= WHAT THE TASK ASKS =
For this exercise, write out only the lines of the entries below from the one with "അപകടം മുൻകൂട്ടി മനസ്സിലാക്കി" up to and including the one with "- スマートAI検知:AIが", exactly as they are. Pictures stay out.

= MATERIAL TO PROCESS =
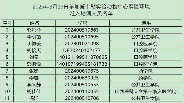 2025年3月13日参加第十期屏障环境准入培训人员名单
...
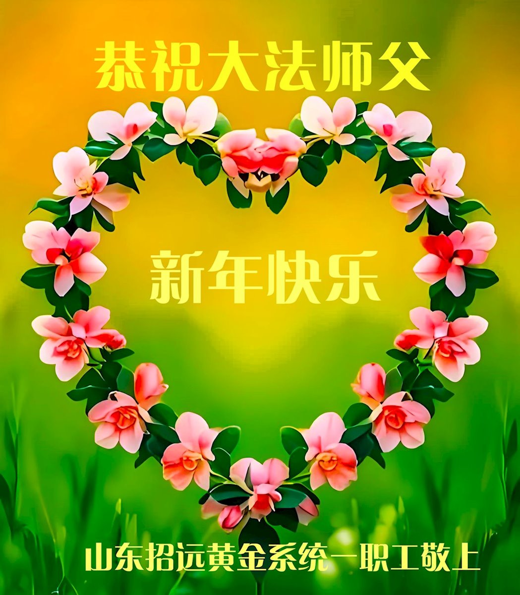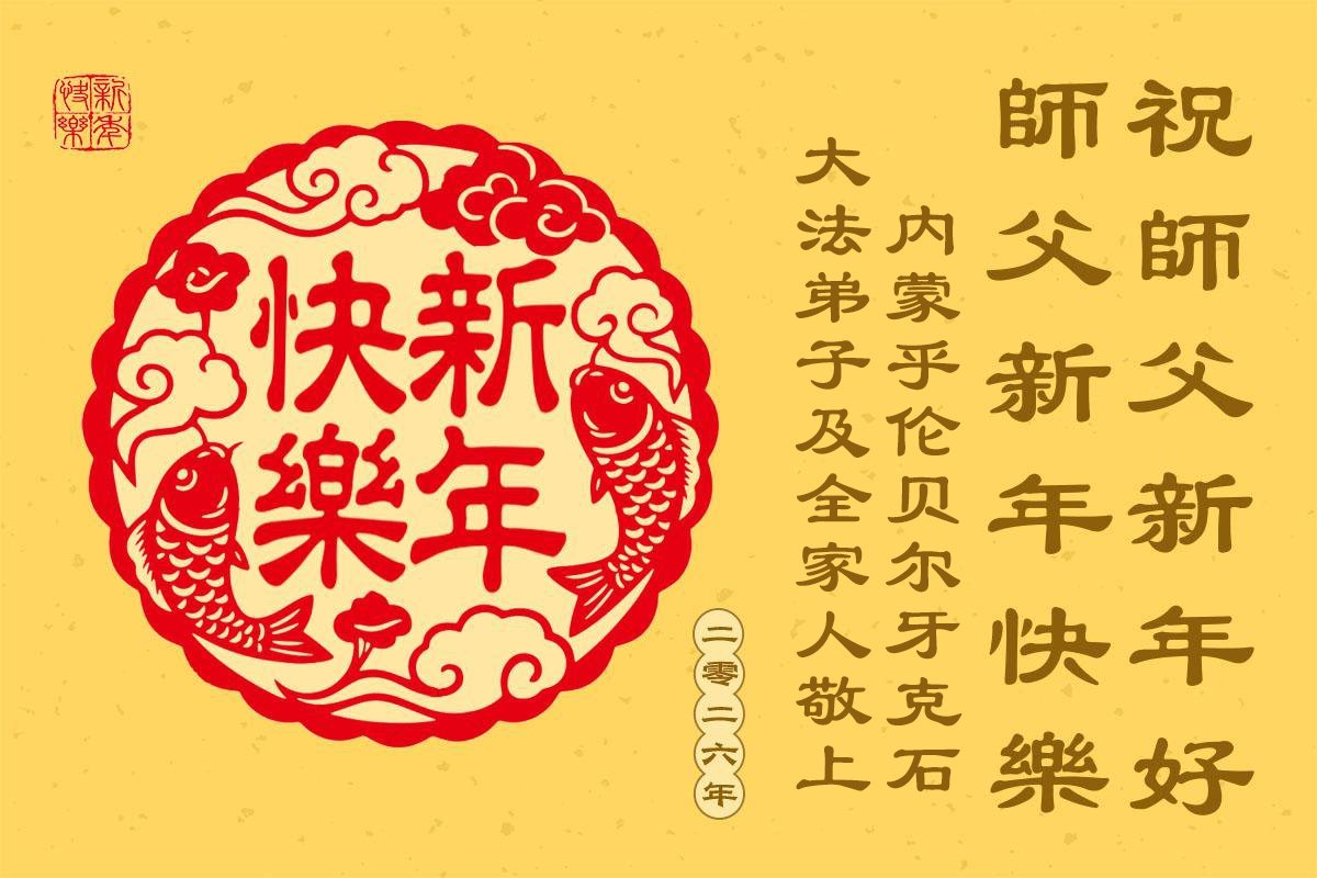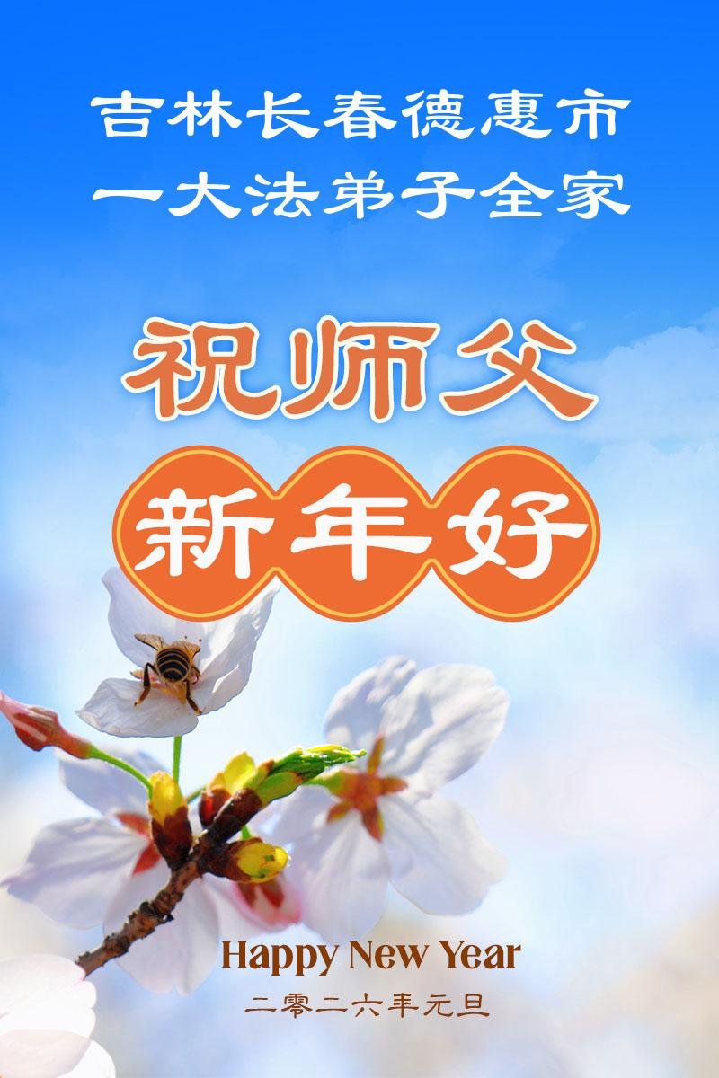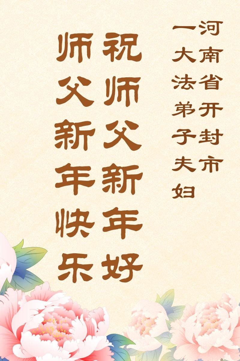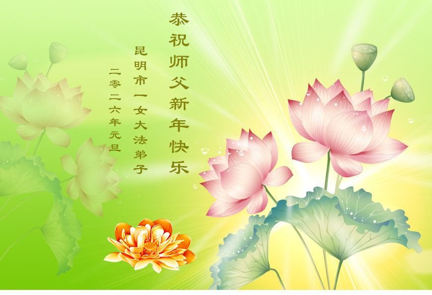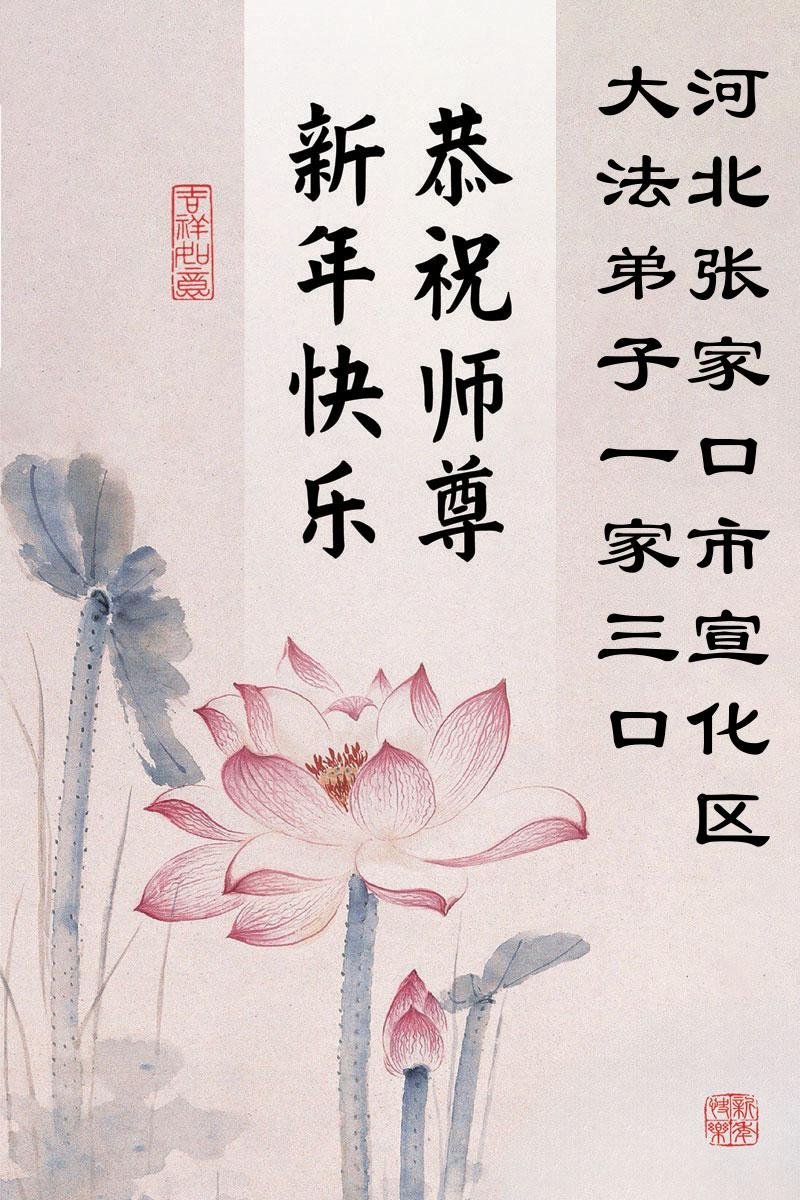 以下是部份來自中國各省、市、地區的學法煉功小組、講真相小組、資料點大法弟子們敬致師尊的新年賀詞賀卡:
---
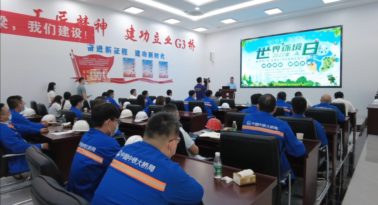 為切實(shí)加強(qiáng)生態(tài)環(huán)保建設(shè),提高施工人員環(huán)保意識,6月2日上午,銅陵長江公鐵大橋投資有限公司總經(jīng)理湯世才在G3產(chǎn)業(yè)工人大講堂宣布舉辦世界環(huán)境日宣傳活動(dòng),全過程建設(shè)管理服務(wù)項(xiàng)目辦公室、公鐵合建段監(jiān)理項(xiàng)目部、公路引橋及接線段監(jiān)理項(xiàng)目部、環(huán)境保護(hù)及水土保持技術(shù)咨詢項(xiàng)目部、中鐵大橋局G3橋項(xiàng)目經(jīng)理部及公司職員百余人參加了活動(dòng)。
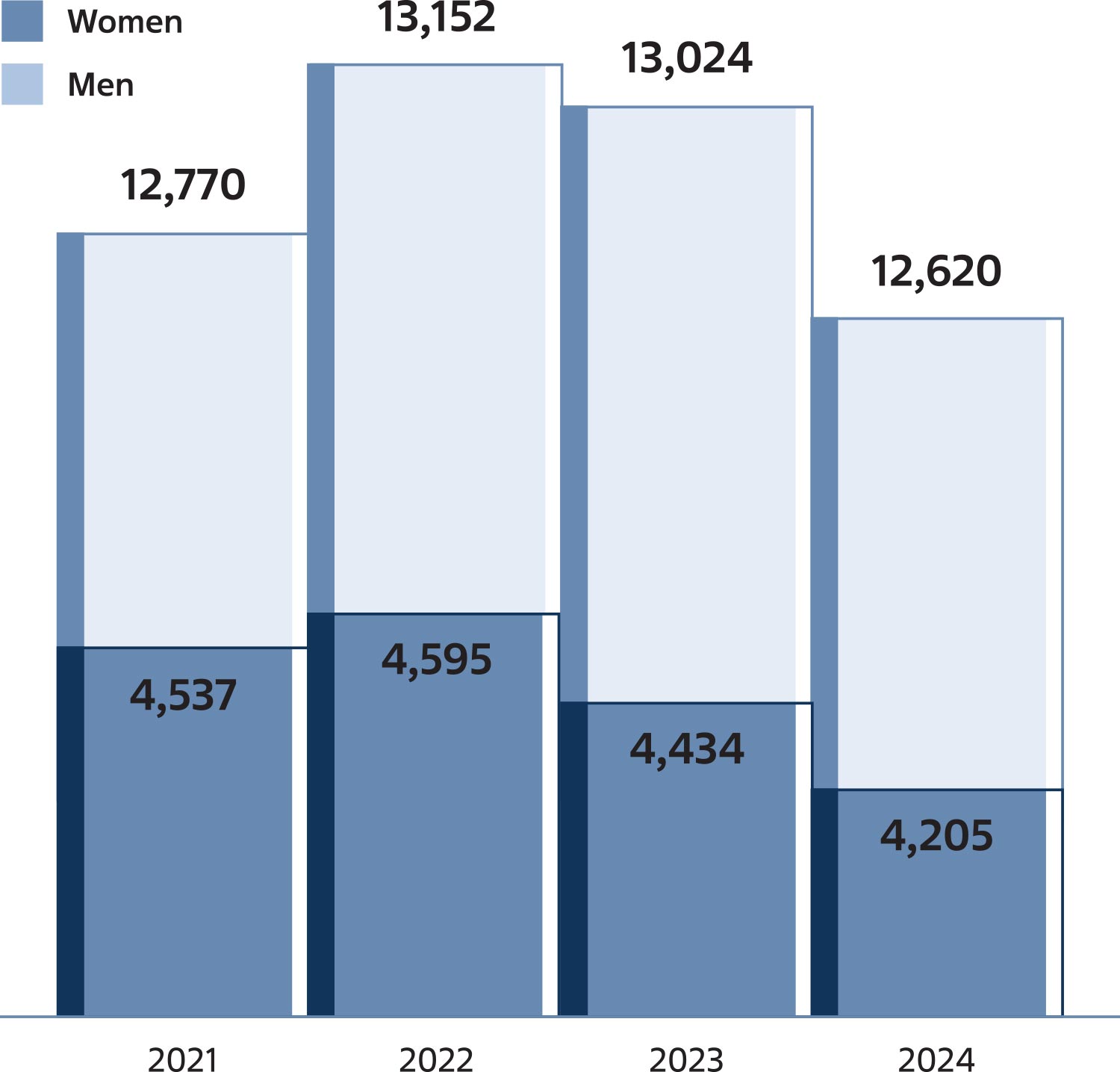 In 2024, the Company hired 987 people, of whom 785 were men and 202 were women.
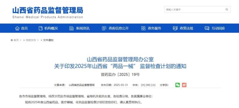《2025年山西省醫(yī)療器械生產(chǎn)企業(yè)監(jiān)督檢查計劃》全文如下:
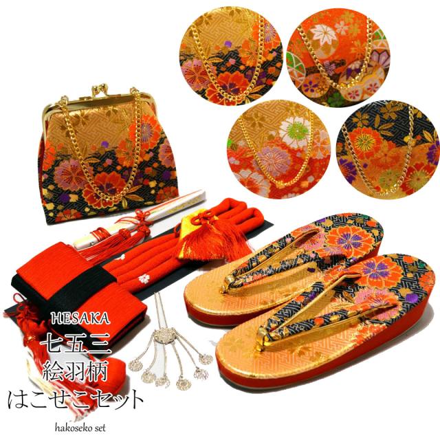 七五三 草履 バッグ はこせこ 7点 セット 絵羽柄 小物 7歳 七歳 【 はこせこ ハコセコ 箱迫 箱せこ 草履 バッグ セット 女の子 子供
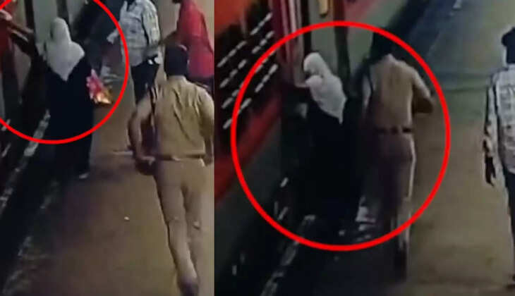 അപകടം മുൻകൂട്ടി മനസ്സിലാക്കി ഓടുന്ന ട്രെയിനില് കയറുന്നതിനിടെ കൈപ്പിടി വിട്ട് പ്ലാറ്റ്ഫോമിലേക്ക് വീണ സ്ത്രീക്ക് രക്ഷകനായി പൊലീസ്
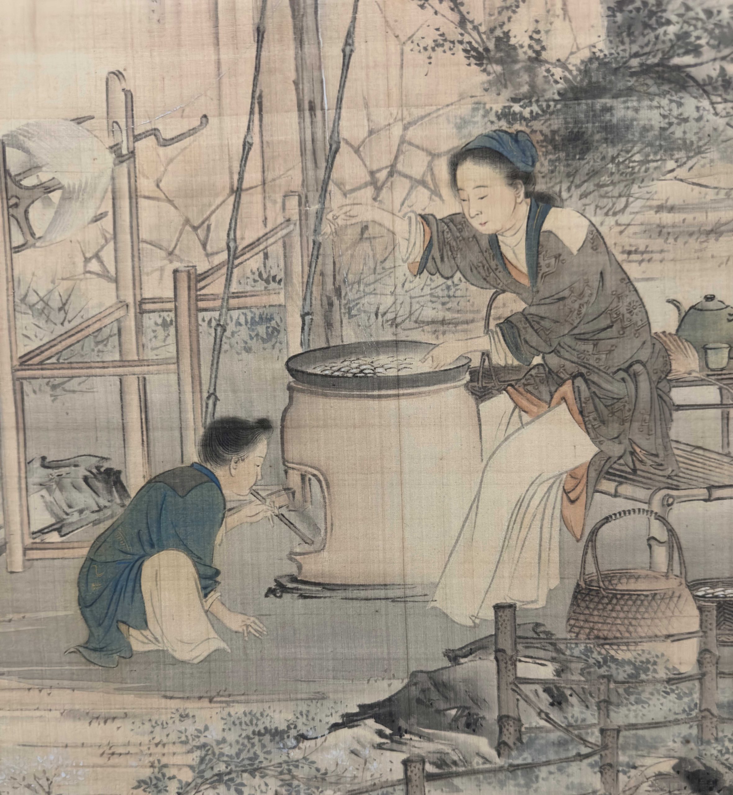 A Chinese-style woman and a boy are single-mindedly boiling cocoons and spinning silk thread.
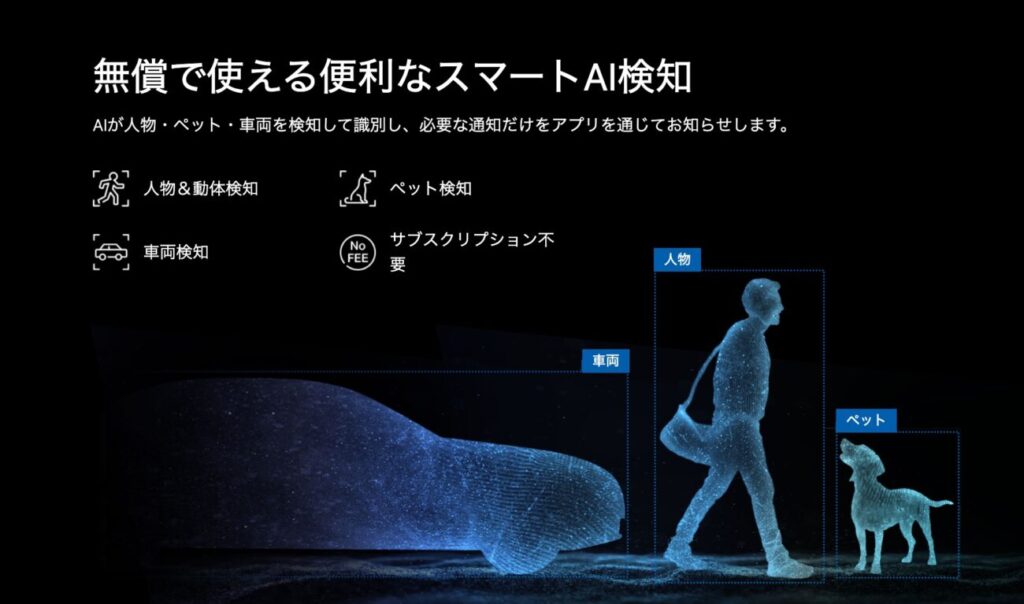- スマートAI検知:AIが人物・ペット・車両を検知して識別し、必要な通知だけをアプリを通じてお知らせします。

= ANSWER SPACE =
 അപകടം മുൻകൂട്ടി മനസ്സിലാക്കി ഓടുന്ന ട്രെയിനില് കയറുന്നതിനിടെ കൈപ്പിടി വിട്ട് പ്ലാറ്റ്ഫോമിലേക്ക് വീണ സ്ത്രീക്ക് രക്ഷകനായി പൊലീസ്
 A Chinese-style woman and a boy are single-mindedly boiling cocoons and spinning silk thread.
- スマートAI検知:AIが人物・ペット・車両を検知して識別し、必要な通知だけをアプリを通じてお知らせします。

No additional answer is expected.